Diaz found Sweetwater police officer Amauris Bastidas.

Bastidas followed Diaz to the scene where he took over for Godoy, who was performing chest pumps on the tiny child while Rauseo breathed into Sebastian's mouth.

"There was a female crying on the floor. At that time I didn’t realize she had a baby. The baby was lying on her lap. She told me, 'Help me, please help me. The baby's not responding.' The baby was pale, blue in colour," Bastidas told CBS4.

"I lifted him up in the air and moved him up and down," Bastidas told the Miami Herald. "He started breathing and crying."

Then Sebastian stopped breathing a second time.

The group continued to perform CPR until he started breathing again.

Diaz captured the life-saving scene on camera.

"It's a great thing that people actually stopped to help," Diaz told CBS4.

"As a photojournalist you want to capture these images, but as a human being you want to get help," Diaz told the Daily News on Thursday night.

Two members of Miami-Dade Fire Rescue's hazardous materials crew were also stuck in traffic. Captain Anthony Trim and Lieutenant Alvaro Tonanez, each in separate cars, heard the emergency call over the radio, jumped out of their vehicles and rushed to the scene.

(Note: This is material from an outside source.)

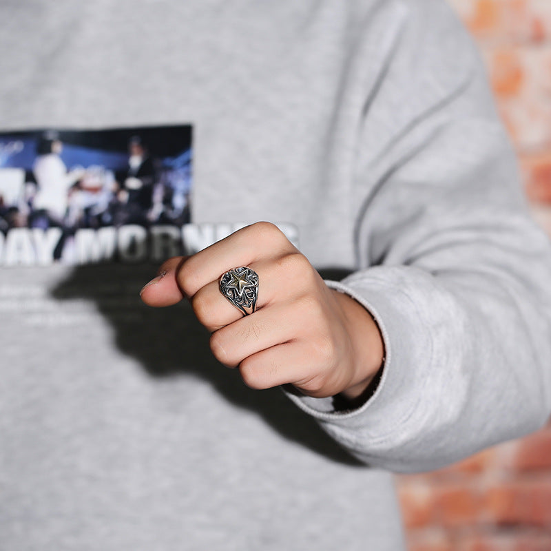 Vintage Copper Ring Adjustable Five Pointed Star Constellation Ring Electroplated Distressed Ring For Women Ring
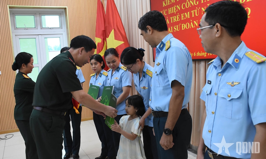 Dịp này, Ủy ban DS,GD&TE Bộ Quốc phòng trao 5 phần quà tặng 5 cháu có hoàn cảnh đặc biệt là con quân nhân đang công tác tại đơn vị.

"The aunt gave him the baby," Trim said of Tonanez. "He did a quick check and made sure the baby’s airway was open."

The two men arrived on the scene moments before Miami Fire Rescue arrived and rushed the baby to Jackson Memorial Hospital's Pediatrics unit.

"Everybody got there in seconds, it seemed," Diaz said.

According to a hospital spokeswoman, the baby was listed in stable condition on Thursday evening.

Born prematurely, Sebastian has respiratory issues.

"I was just thinking about my sister, like, 'I can't, I can't let this happen, I can't, I can't. She trusted me with her baby and I can't let this baby die on me,'" Rauseo told WSVN.